Slowthai – Nothing Great About Britain
The combination of monarchy and hip hop is hard to see, but the talented British rapper Slowthai made it happen. In 2019, he sang the song Nothing Great About Britain, which you can find on the album of the same name. In the song, Slowthai confides to his listeners his opinion on the British queen, the monarchy and he talks about Elizabeth II. like a "cunt".
But despite it all, the rapper says he's proud to be British and will treat the Queen with the utmost respect if she respects him too. "Kate Middleton now, (I'd wifey her I would), I wouldn't lie, you're an English rose, I wouldn't lie to you, I tell you how it is, I will treat you with the utmost respect, Only if you respect me a little bit Elizabeth, You cunt" reads the end of the song.
The Smiths – The Queen Is Dead
In 1986, the British rock band The Smiths released a song dedicated to the royal family. In The Queen Is Dead, singer Morrissey comments with insight on the potential decline of the monarchy and the British press's fascination with the royal family. “I say Charles don't you ever crave, To appear on the front of the Daily Mail, Dressed in your mother's bridal veil?"

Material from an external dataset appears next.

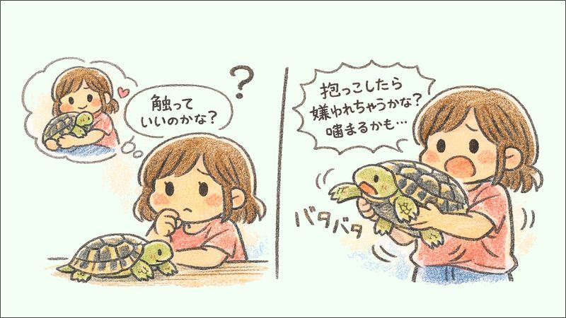 特に、甲羅の上側をつかんで持ち上げるやり方は嫌がる子がいるという話もあります。
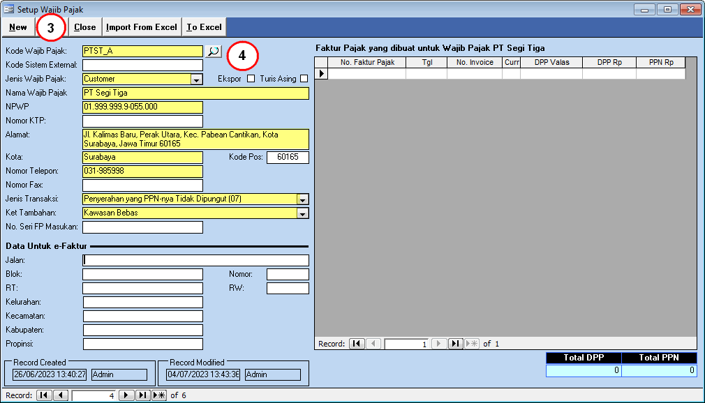 Sebelum membuat faktur pajak untuk transaksi di kawasan tertentu, buat terlebih dahulu data Wajib Pajak yang baru dengan alamat NPWP Cabang dari PT Segi Tiga pada aplikasi Krishand PPN. Berikut langkah - langkahnya :

"I didn't want to attack the monarchy as some kind of monster. But I find that as time goes on, the happiness we had slowly fades away and is replaced by something that is completely gray and sad. The very idea of the monarchy and the Queen of England is reinforced and made to seem more useful than it actually is," Morrissey later commented on the song.
Amyl and The Sniffers – Gacked On Anger
The song Gacked On Anger by the Australian punk rock group Amyl and The Sniffers is definitely worth mentioning. In her clip, singer Amy Taylor is looking for a wealthy member of the royal family, to whom she wants to tell what she thinks about him.
"I'm working off my ass, every single day. For the minimum wage and I don't get paid. I'm stressed on tick, I'm stressed about money I wanna help out the people on the street, But how can I help them when I can't afford to eat? How do I survive? How do I get by?” he sings angrily. Punk's not dead.